Alle Angriffsbemühungen sind darauf ausgerichtet, Stürmer Rouwen Hennings in Szene zu setzen. Hennings ist ein Angreifer der klassischen Färbung: Im Mittelfeld hält er die Bälle und lässt sie auf die nachrückenden Sechser abprallen, im Strafraum sucht er den direkten Weg zum Tor. Insgesamt 17 mal schoss, spitzelte oder köpfte er den Ball in dieser Saison in den Kasten. Damit ist er Torschützenkönig der zweiten Liga.

Die HSV-Defensive ist unter Labbadia stabiler geworden

Die Offensive der Karlsruher setzt eher auf individuelle denn kollektive Klasse. Das könnte dem HSV zugutekommen. Auf der Haben-Seite können die Hamburger verbuchen, dass sie zuletzt unter Bruno Labbadia defensiv besser agierten als bei den katastrophalen Auftritten unter Sportdirektor-Schrägstrich-Aushilfstrainer Peter Knäbel.
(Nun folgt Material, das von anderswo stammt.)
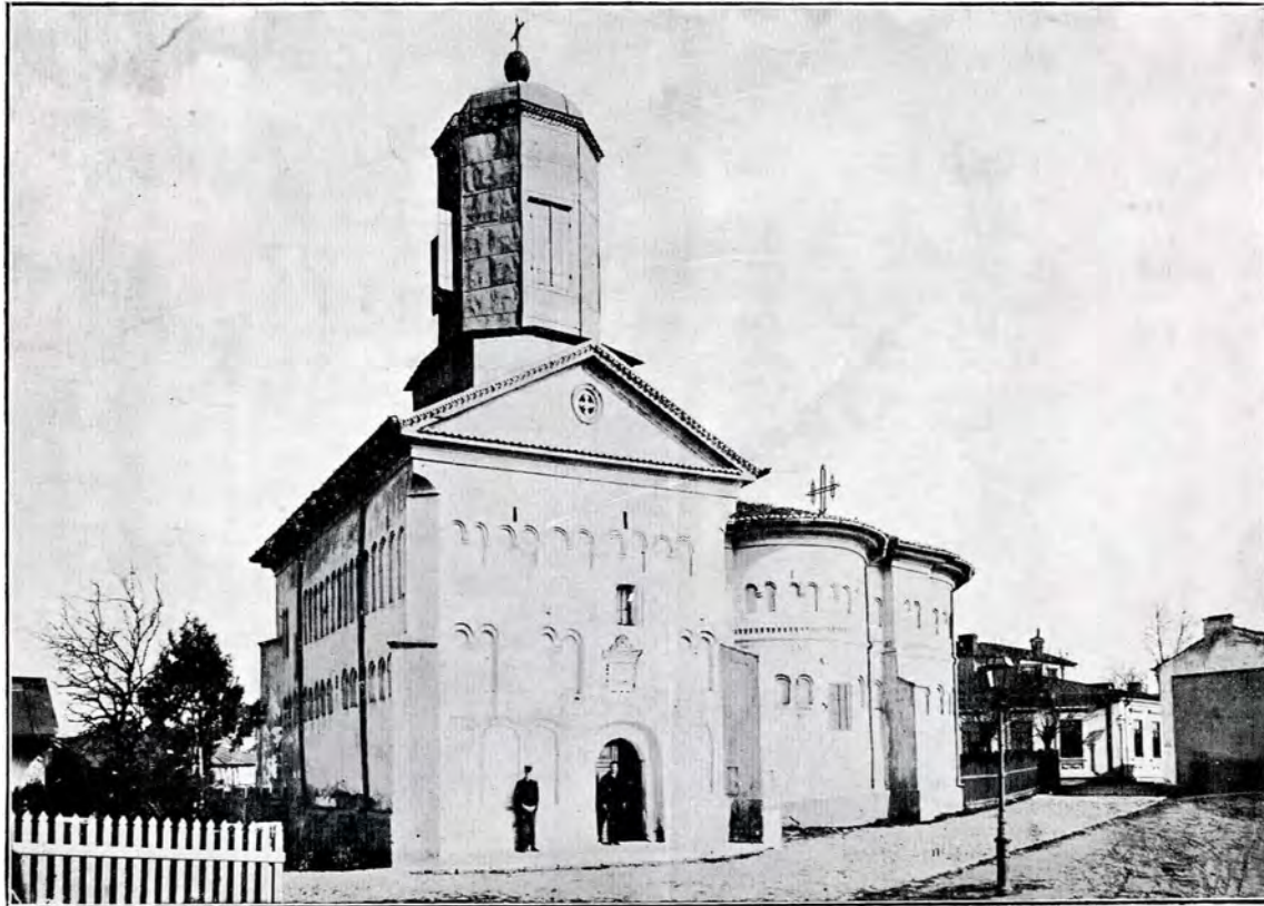
1. Biserica Sf. Gheorghe din Galați.

70 centimetri. Se compune din două părți deosebite și anume: dintr'o piatră de râu moale, sfărâmicioasă, în lungime de 90 centimetri, pe care e săpată inscripția ce ocupă
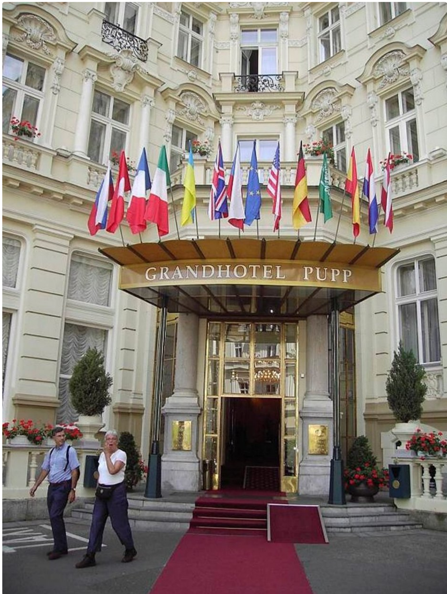
Grandhotel Puppin sisäänkäynti.

Kuumien lähteiden ja kylpylöiden Karlovy Vary
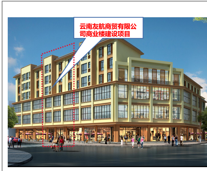
变更前重要景观透视效果图
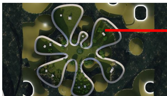
VRモデルハウスをカテゴリごとに配置
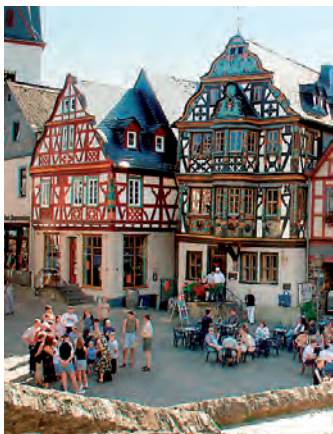
Killingerhaus (1615), prachtvoller Fachwerkbau, heute Tourist-Info und Stadtmuseum
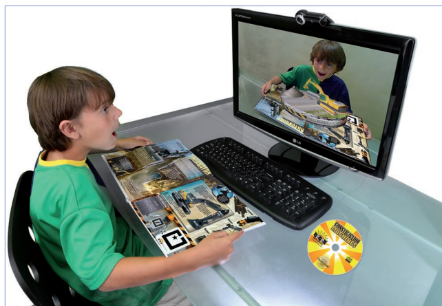
Ejemplo de lectura inmersiva.

El libro es un documento imperecedero, sometido a cambios y transforma-
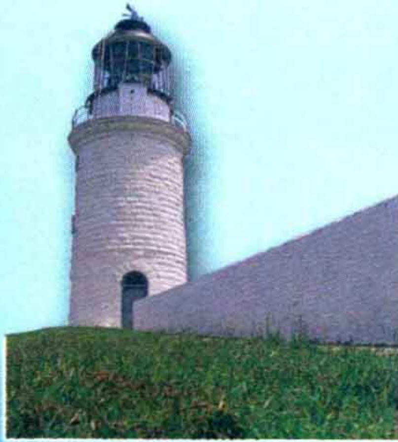
東莒燈塔 ▶ p132
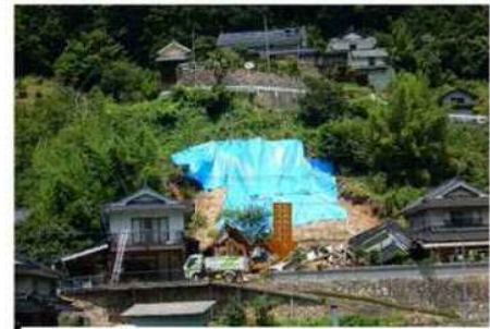
斜面崩壊・被災状況 (H30年7月)
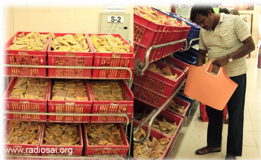
Die Abteilung des Einkaufszentrums in Prasanthi Nilayam, die kein Geld verdient, dafür aber mit überreichem Segen und guten Wünschen der Devotees bedacht wird!

Können Sie raten, welche Menge an Vibhuti in einem Jahr Prasanthi Nilayam verlässt? Hören Sie auf zu lesen – schließen Sie ihre Augen – und machen Sie eine grobe Schätzung. Als ich dies tat, dachte ich, die Läden würden etwa 5.000 kg Vibhuti pro Jahr verkaufen. Doch die tatsächliche Menge verschlug mir die Sprache. Durchschnittlich werden pro Jahr etwa 100 Tonnen Vibhuti ausgeliefert – ganze 100.000 kg. In der Tat kletterte diese Zahl im Jahr 2010 bis auf 128.000 kg! Und man bedenke – die gesamte Menge wird ausschließlich von freiwilligen Mitarbeitern - im Durchschnitt 20 Frauen - von A bis Z, d. h. von der Fertigung bis zum Verkauf, verarbeitet und verpackt!
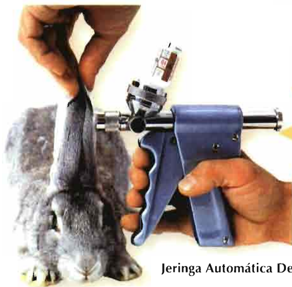
Jeringa Automática Dermojet.

REPARACIÓN DE JERINGAS DERMOJET, CON RECAMBIOS ORIGINALES.
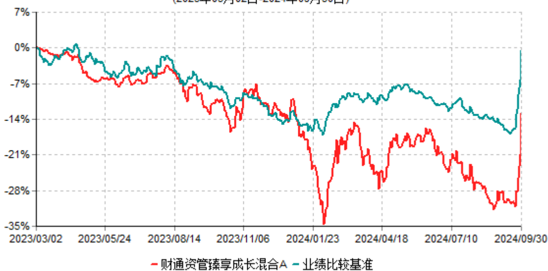
财通资管臻享成长混合A累计净值增长率与业绩比较基准收益率历史走势对比图 (2023年03月02日-2024年09月30日)
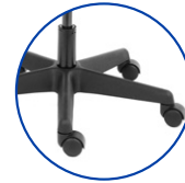
Plusieurs options de levage et de roulettes
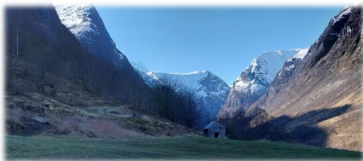
Vår på Hjødlo i Underdal
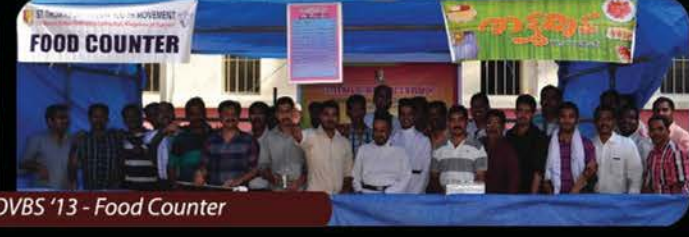
OVBS '13 - Food Counter

Besonders die neu formierte Doppelsechs aus Gojko Kacar und Marcelo Diaz harmoniert prächtig. Kacar kann seine Aggressivität und seinen Vorwärtsdrang einbringen, während Diaz als Abfangjäger die Abwehr abschirmt. Beide verschieben in der Defensive weit zum Flügel, sodass die Hamburger auch wenig Probleme haben, gegnerische Außenstürmer zu doppeln. Pluspunkt für den HSV.